Once the boat starts moving through the reeds, keep an eye out on both sides and in the air. Your guide and boatman will help you get close to the birds by steering through the papyrus. Make sure your binoculars and camera are ready. The number of birds here might surprise you if you are not ready. Look for bee-eaters, kingfishers, and other types of birds. Do not forget to admire the beautiful butterflies and lotus flowers.

The best time to spot Shoebills is in the morning when they are out hunting. Taking photos of Storks is easier than many other bird species because they stay still for a long time while they watch for fish, frogs, and other prey before they attack.

More information about Birding tours in Mabamba

Birdwatching tours happen every day and last about 4 hours. If you want a full day of birdwatching, you can ask for it. The best time for birdwatching is between September and March when many birds migrate from Europe. It is important to book a tour of Mabamba swamp a day before so they can plan well. Your tour company or private driver should pick you up very early in the morning from your hotel or home. For the best birdwatching experience, bring a backpack with packed food in case you get hungry, binoculars, insect repellent, a hat, sunscreen, a rain jacket, and long-sleeved shirts.

Other things to do and look out for while visiting the Mabamba swamp

Canoeing: You can arrange for longer canoe trips to see more birds, go fishing, and explore the nearby islands of Lake Victoria. It is important to wear life jackets when getting on the canoe. If you do not have one, pick a boat that can give you one.

Spot fishing: Before tourism became more common, the main thing people did in Mabamba was fishing. Fishing is still the main way people make money in the area. The most common fish species people catch are Tilapia, mudfish, lungfish, and the big Nile Perch. There are many fishermen in the area. You can either join one of them or watch them from a distance. If you want to join them, you can bring your own fishing gear or use one of the hooks and rods made by locals.

Village walks and visiting Craft Shops: Village walks let you spend time with the locals and learn about their lives and how they manage. Many of the people living near the swamp do subsistence farming. You can also visit some craft shops to see lovely bags, mats, baskets, and huts that are skillfully made. Many of these things are crafted using reeds from the swamp. The swamp also gives herbs and materials for building local huts.

Watching Butterflies: While birdwatching is the main attraction of a tour in the Mabamba wetland, the many different types of butterflies are also very impressive. There are over 200 species of butterflies in the Mabamba swamp. The most commonly seen ones are the Bicyclus sebetus, Acraea consanquine, Acraea aganice, Achaea aurivilli, and Abisaraneavei.

Spotting the Sitatunga antelope: The Mabamba swamp is a significant home for the Sitatunga antelope.
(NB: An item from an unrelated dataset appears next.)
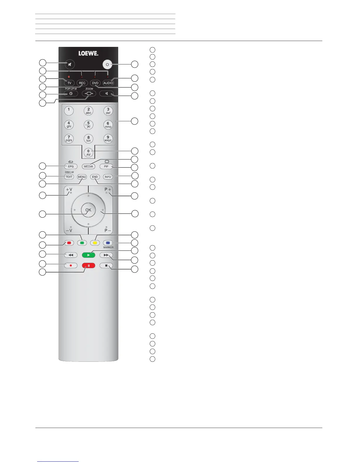 The key assignment displayed here is valid for the main menu level of the TV set. The key assignment may vary in certain operating modes (see the corresponding

When you are on a birdwatching tour in the huge swamp, you might come across these shy animals. Unfortunately, their numbers have gone down lately because of poaching that is not controlled. Poachers find and catch them by burning the places where they hide—the marshes. The government and other wildlife protectors are trying to keep them safe by educating the communities about the importance of protecting them.